**WORK INSTRUCTION:** Nothing but the text of the records should come back; copy it exactly and leave the pictures out.

─── SOURCE MATERIAL

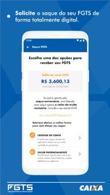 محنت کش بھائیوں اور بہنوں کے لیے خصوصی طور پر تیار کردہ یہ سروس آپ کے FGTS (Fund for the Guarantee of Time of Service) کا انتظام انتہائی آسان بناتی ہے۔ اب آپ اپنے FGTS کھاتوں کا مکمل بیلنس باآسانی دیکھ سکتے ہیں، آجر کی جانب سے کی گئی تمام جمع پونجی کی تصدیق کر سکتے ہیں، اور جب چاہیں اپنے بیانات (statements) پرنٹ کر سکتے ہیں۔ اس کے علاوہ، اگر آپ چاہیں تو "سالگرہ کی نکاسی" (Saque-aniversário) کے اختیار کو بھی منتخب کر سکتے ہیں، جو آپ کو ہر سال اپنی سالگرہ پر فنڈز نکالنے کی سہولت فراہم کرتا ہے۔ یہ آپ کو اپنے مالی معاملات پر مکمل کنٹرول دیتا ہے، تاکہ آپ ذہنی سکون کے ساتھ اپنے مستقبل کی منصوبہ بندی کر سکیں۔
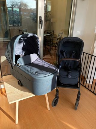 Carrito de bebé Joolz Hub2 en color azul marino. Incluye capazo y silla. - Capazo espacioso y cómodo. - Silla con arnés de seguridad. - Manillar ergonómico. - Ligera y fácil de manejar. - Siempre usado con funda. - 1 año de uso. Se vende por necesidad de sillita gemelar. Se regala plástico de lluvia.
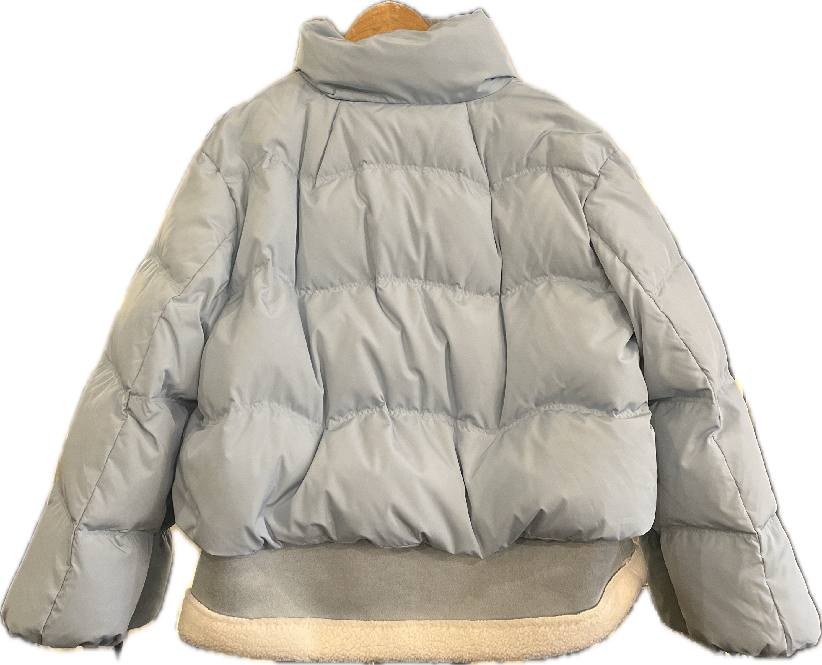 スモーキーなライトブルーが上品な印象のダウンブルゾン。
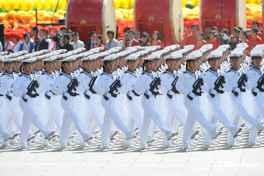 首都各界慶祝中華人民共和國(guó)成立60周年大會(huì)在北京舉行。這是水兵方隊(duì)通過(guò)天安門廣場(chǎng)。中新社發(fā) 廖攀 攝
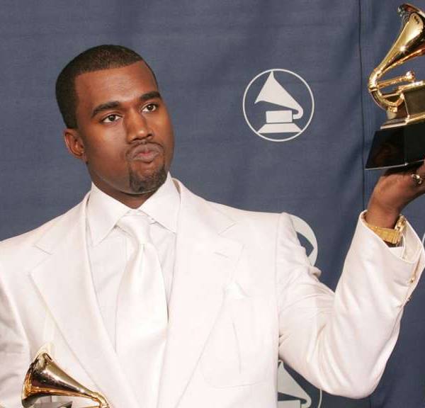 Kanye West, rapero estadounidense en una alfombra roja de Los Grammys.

──────

**ANSWER TO THIS EXERCISE:**
 محنت کش بھائیوں اور بہنوں کے لیے خصوصی طور پر تیار کردہ یہ سروس آپ کے FGTS (Fund for the Guarantee of Time of Service) کا انتظام انتہائی آسان بناتی ہے۔ اب آپ اپنے FGTS کھاتوں کا مکمل بیلنس باآسانی دیکھ سکتے ہیں، آجر کی جانب سے کی گئی تمام جمع پونجی کی تصدیق کر سکتے ہیں، اور جب چاہیں اپنے بیانات (statements) پرنٹ کر سکتے ہیں۔ اس کے علاوہ، اگر آپ چاہیں تو "سالگرہ کی نکاسی" (Saque-aniversário) کے اختیار کو بھی منتخب کر سکتے ہیں، جو آپ کو ہر سال اپنی سالگرہ پر فنڈز نکالنے کی سہولت فراہم کرتا ہے۔ یہ آپ کو اپنے مالی معاملات پر مکمل کنٹرول دیتا ہے، تاکہ آپ ذہنی سکون کے ساتھ اپنے مستقبل کی منصوبہ بندی کر سکیں۔
 Carrito de bebé Joolz Hub2 en color azul marino. Incluye capazo y silla. - Capazo espacioso y cómodo. - Silla con arnés de seguridad. - Manillar ergonómico. - Ligera y fácil de manejar. - Siempre usado con funda. - 1 año de uso. Se vende por necesidad de sillita gemelar. Se regala plástico de lluvia.
 スモーキーなライトブルーが上品な印象のダウンブルゾン。
 首都各界慶祝中華人民共和國(guó)成立60周年大會(huì)在北京舉行。這是水兵方隊(duì)通過(guò)天安門廣場(chǎng)。中新社發(fā) 廖攀 攝
 Kanye West, rapero estadounidense en una alfombra roja de Los Grammys.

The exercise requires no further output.